Let's say we have two very large data frames - A and B. Now, I understand if I use same hash partitioner for both RDDs and then do the join, the keys will be co-located and the join might be faster with reduced shuffling (the only shuffling that will happen will be when the partitioner changes on A and B).

I wanted to try something different though - I want to try broadcast join like so -> let's say the B is smaller than A so we pick B to broadcast but B is still a very big dataframe. So, what we want to do is to make multiple data frames out of B and then send each as broadcast to be joined on A.

Has anyone tried this? To split one data frame into many I am only seeing randomSplit method but that doesn't look so great an option.

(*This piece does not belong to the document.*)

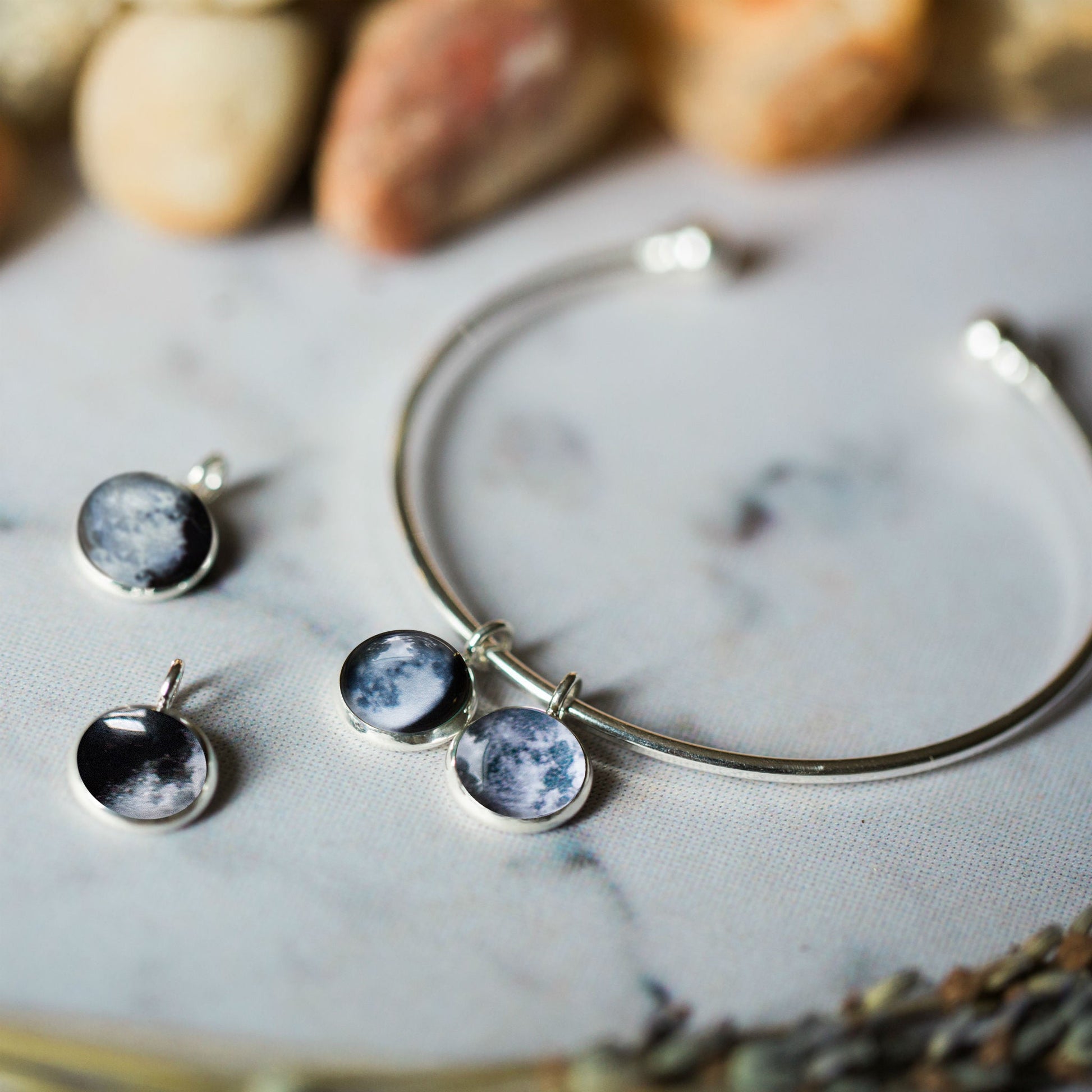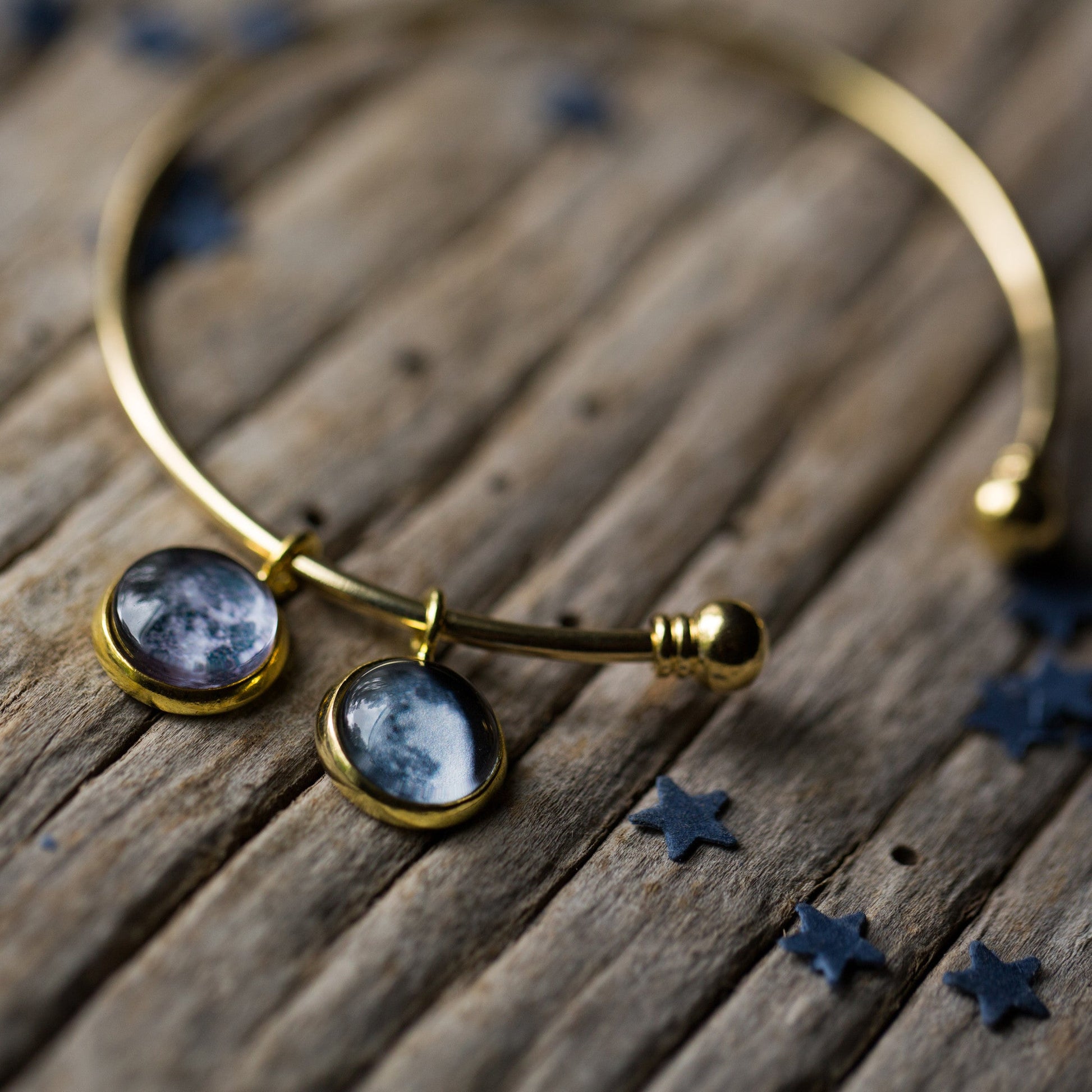 Personalized, sentimental, and out of this world! This charm bracelet is a great gift, and one that you can build on for years to come. Available in silver or gold tone, we look up the Moon from the date you provide and set it in a charm to dangle on this delicate cuff. And this design is perfect to celebrate as many dates as you like! P erhaps you and your spouse's birthdates, the day of your wedding, the birthdays of your children, as a BFF gift with your favorite person, the options are limitless. If you need more than 5 Moon s on your bracelet, please to set up a personalized listing for you.

Any other better way to accomplish this task?

Thanks!

Kumar Vaibhav
  • 2,632
  • 8
  • 32
  • 54

1 Answers1

5

Has anyone tried this?

Yes, someone already tried that. In particular GoDataDriven. You can find details below:

They claim pretty good results for skewed data, however there are three problems you have to consider doing this yourself:

  • There is no split in Spark. You have to filter data multiple times or eagerly cache complete partitions (How do I split an RDD into two or more RDDs?) to imitate "splitting".
  • Huge advantage of broadcast is reduction in the amount of transferred data. If data is large, then amount of data to be transferred can actually significantly increase: (Why my BroadcastHashJoin is slower than ShuffledHashJoin in Spark)
  • Each "join" increases complexity of the execution plan and with long series of transformations things can get really slow on the driver side.

randomSplit method but that doesn't look so great an option.

It is actually not a bad one.

Any other better way to accomplish this task?

You may try to filter by partition id.